Eindvonnis na eerder tussenvonnis. Aansprakelijkheid organisator jiujitsu-wedstrijd voor knieletsel deelnemer die moest uitkomen tegen tegenstander uit zwaardere gewichtsklasse. De deelnemer stelt dat de organisator hem had moeten informeren over samenvoegen van gewichtsklassen. De rechtbank heeft eerder al beslist dat sprake is van een causaal verband tussen het nalaten van het geven van informatie over de samenvoeging van gewichtsklassen en de letselschade van de deelnemer. In deze zaak komt de rechtbank tot de conclusie dat de organisator niet is geslaagd in het ontzenuwen van het vermoeden dat de deelnemer hierover niet is geïnformeerd. Daarnaast ziet de rechtbank ook geen reden om te moeten terugkomen op de bindende eindbeslissing dat causaal verband bestaat tussen – kort gezegd – het niet informeren en de schade. Er is niet gebleken van nieuwe feiten of omstandigheden op grond waarvan de rechtbank terug zou moeten komen van de bij tussenvonnis gegeven beslissing over het causaal verband, zodat zij gebonden is aan die beslissingen. Tot slot gaat de rechtbank in op de vordering van de organisator tot inzage van een filmpje van de bewuste wedstrijd. De rechtbank vermoedt dat de achterliggende gedachte/het onderliggende idee van de organisator is dat hij, net als met de andere filmpjes die hij heeft overgelegd, duidelijk wil maken dat met het blote oog vrij nauwkeurig valt in te schatten, zeker voor een ervaren jiujitska als de deelnemer is, hoe zwaar een tegenstander is. De rechtbank oordeelt dat het in deze procedure hier niet om gaat, waar het wel om gaat is dat door mee te doen aan een wedstrijd, er een contractuele relatie ontstaat, die voor de organisator een (zorg)plicht met zich meebrengt om deelnemers te informeren.

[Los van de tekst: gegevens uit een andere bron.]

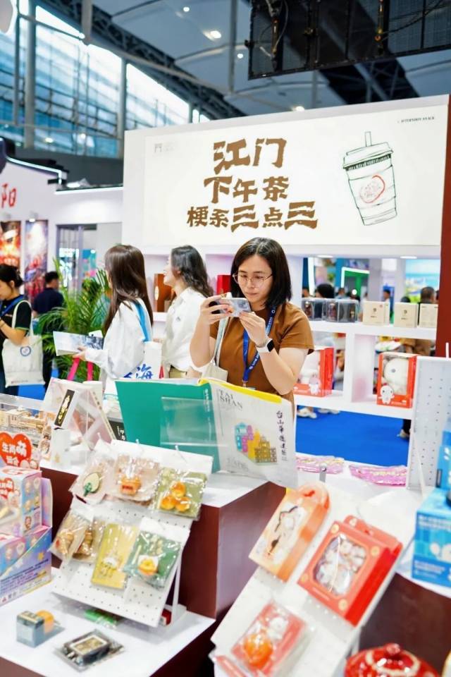 文旅手信展销区同样热闹非凡。琳琅满目的文创产品让侨乡特色传统文化“活”了起来,成功吸引了国内外众多参展人员和客商的目光。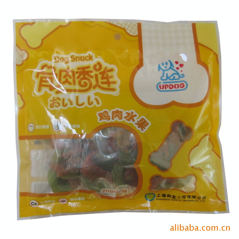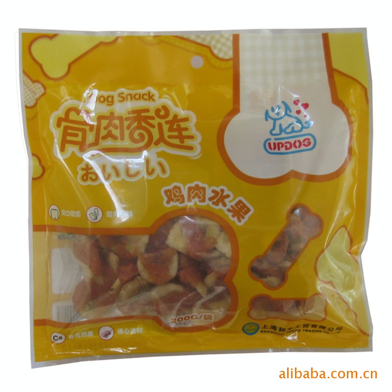 ●宝贝特点:优质鸡胸肉搭配蟹棒,海陆双鲜哦! 本品是以新鲜鸡肉为主要原料加工而成的宠物食品。 富含宠物生长所需的氨基酸,令宠物更加健康,活泼 本品为半生食品,能促进肠胃的正常消化吸收,避免爱犬生理退化 先进工艺确保低脂肪,低热量,防止肥胖 尤其适合增加食欲或在训练时做奖励品之用

Het filmpje is hiervoor niet relevant. De organisator wordt aansprakelijk gesteld voor de schade.
Rechtbank Midden-Nederland (Locatie Utrecht), 13-11-2024

Rechtspraak

PS 2024-0575

Strafrecht. De verdachte heeft zijn echtgenote meermaals gestoken met een mes. Aan deze verwondingen is zij overleden. De verdachte wordt veroordeeld voor doodslag en krijgt een gevangenisstraf van veertien jaar opgelegd. Meerdere partijen verzoeken schokschade (toegewezen) en affectieschade, waaronder de zoon van het slachtoffer die een ernstige verstandelijke beperking heeft. De verhouding tussen hem en zijn moeder was zodanig complex dat zij niet bij hem op bezoek kon. Volgens de advocaat van de benadeelde partij kan echter niet uitgesloten worden dat hij emotionele gevolgen ondervindt door het overlijden van zijn moeder. De rechtbank kent de zoon geen affectieschade toe. De rechtbank kan niet uitsluiten dat hij vanwege zijn beperkingen geen besef heeft van het overlijden van zijn moeder. De vraag of er sprake is van besef bij de zoon en ook de – principiële – vraag of er überhaupt sprake moet zijn van besef van de situatie en de daaruit voortvloeiende vraag of bij het ontbreken van enig besef dan niet toch het ondervinden van leed verondersteld moet worden, laten zich niet beantwoorden op basis van de beschikbare informatie. Dat vergt verder en zorgvuldig onderzoek waar deze strafprocedure zich niet voor leent en wat dus een onevenredige belasting daarvan oplevert. De vordering van de zoon wordt niet-ontvankelijk verklaard. De vordering kan desgewenst bij de burgerlijke rechter worden aangebracht.